A sample file can be found in confFiles/default.yaml. Here is a detailed description of the 6 sections:

  1. The fault types for both scalars and tensors can be one of the following values:

    1.1. None - does not inject fault

    1.2. Rand - shuffle all the data items in the output of the target op into random values

    1.3. Zero - change the value into all zeros

    1.4. Rand-element - shuffle one of the data item in the output of the target op into random value

    1.5. bitFlip-element - single bit-flip over one data item in the output of the target op

    1.6. bitFlip-tensor - single bit-flip over all data items in the output of the target op

    Example:

     ScalarFaultType: None
     TensorFaultType: bitFlip-element
    
  2. A full list of operations allowed is in fiConfig.py. One can change the Ops class in fiConfig.py to add new operations. Each operation coincides with a probability. This is used for the errorRate inject mode, where the probability represents the probability that a fault will be injected into that particular operation. This is used when InjectMode in section 6 is "errorRate".

    Example:

    - ALL = 1.0
    - LRN = 1.0
    - EQUAL = 1.0
    - SOFT-MAX = 1.0
    
  3. A seed is used to seed the randomness of the fault injection. Fault injection will be random if unspecified.

    Example:

    Seed: 1000
    
  4. The skip count representing the number of operations to skip at the beginning of the program before beginning injecting faults.

    Example:

    SkipCount: 1
    
  5. Instances shares the same operations as section 2. Each operation coincides with a number representing the number of instances it occurs in a given model. This is used when InjectMode in section 6 is "dynamicInstance". The sum of all these numbers is used when InjectMode in section 6 is "oneFaultPerRun".

    Example:

    - CONV2D = 2
    - MAX-POOL = 2
    - RELU = 3
    - BIASADD = 2
    - RESHAPE = 1
    - ADD = 3
    - MATMUL = 3
    
  6. There are three inject modes:

    6.1. errorRate: Uses the error rate specified in section 2 to determine which operations are injected with faults

    6.2. dynamicInstance: Injects each operation type in the program once

    6.3. oneFaultPerRun: Perform one random injection per run

    Example:

    InjectMode: "dynamicInstance"
    

Logging:

By default, the fault injection logs are written to the file "name-log" where name is the name of the fault injector. The logs specify

a. time of the injection (from experiment start time)

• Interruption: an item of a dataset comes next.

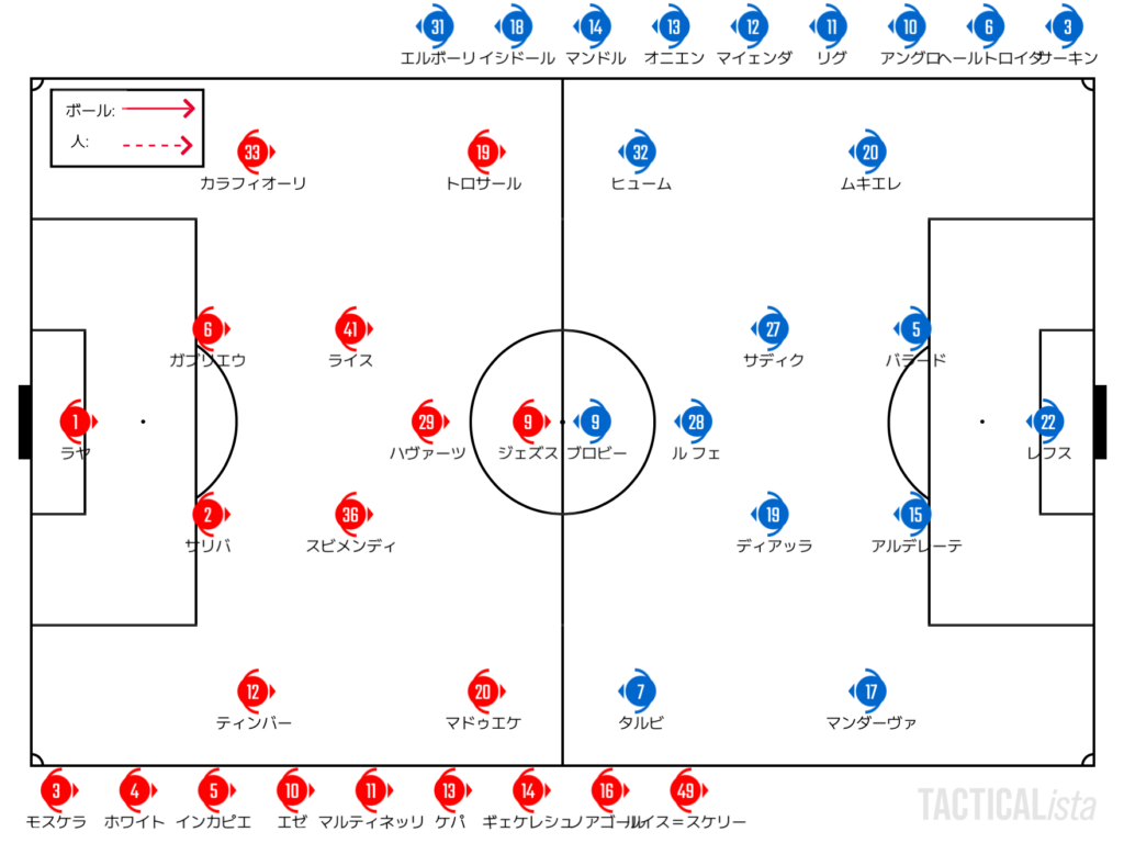 下がってのゲームメイクの役割が薄かったハヴァーツはどちらかといえばファイナルサードに特化気味の役割。特に左サイドからのクロスにはきっちり飛び込む意識が高かった。CFのジェズスはアタッキングサードでPA幅の外に出るプレーがギョケレシュやメリーノよりも多いので、そういう時にストライカーとして振る舞うことができるハヴァーツの方が相性がいいと考えたのかもしれない。

b. runCount of the injection (for each experiment)

c. count of the chosen operation (within an experiment)

d. Operation injected into (As specified in fiConfig.OpTypes)

e. Original value of the injected scalar or Tensor

f. Fault injected value of the injected scalar or Tensor

In case of multi-threaded injections, each thread creates its own log file. These are suffixed with the name of the thread. In particular, TensorFlow uses a lot of dummy threads, so you will see a lot of log files ending with "-dummyThread". Note that logs are always appended to the prior run, so you'll have to manually erase the log files if you want a clean slate. Each experiment can be identified from the experiment start time line written above. Unforttunately, at this time, there is no easy way to map TensorFlow thread names to the names of the threads launched in the fault injector.

FIXME: There's also a potential race condition in the runCount value logged to the fault log above, so users shouldn't rely on this value being correct.